Q&A – Copying Contract Language
A. Under Section 102 of the Copyright Act, copyright protection subsists . . in original works of authorship fixed in any tangible medium of expression . . . [including] literary works . . . .” Therefore, writings generally are protected by copyright law, just as are photographs.
But under copyright law, ideas are not protected – only the expression of those ideas. See Section 102(b) – “In no case does copyright protection for an original work of authorship extend to any idea, procedure, process, system, method of operation, concept, principle, or discovery, regardless of the form in which it is described, explained, illustrated, or embodied in such work.”)
Many contracts contain language for which there are limits in the number of ways the ideas can be expressed to such extent that the expression can be considered to “merge” with the underlying idea. Known as the “merger doctrine,” the law states, in effect, that if there are few ways to say it or do it, then copyright law does not protect the expression of the idea. [To see how this applies to photographs, review Nancy Wolff’s PowerPoint presentation on copyright law, beginning with slide 37, “Idea vs. Expression”). For additional information, review Lewis R. Clayton’s article on the merger doctrine.
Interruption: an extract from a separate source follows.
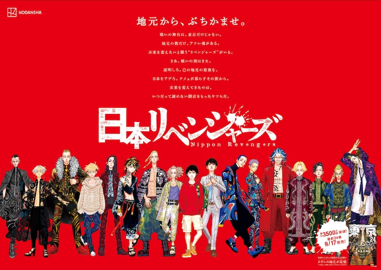 さらに「東京卍リベンジャーズ」最新24巻が発売される9月17日の朝日新聞朝刊に、「日本リベンジャーズ」の広告が掲載予定。また一部書店では「47都道府県リベンジャーズイラストカード」がランダムで配布される。

In some instances, you may be given an implied or actual license to use a contract, such as those provided in books you purchase or are provided at workshops. Check Tad Crawford’s book, Business and Legal Forms for Photographers, for a great source of contracts. Furthermore, reviewing and comparing several contracts may help you understand the different provisions and suggest what protections you need.
In sum, it’s always risky to copy verbatim another’s work and it’s always best to ask your attorney to prepare contracts that fit your specific needs. Your lawyer then can determine what can be copied from other contracts.
Take my advice; get professional help.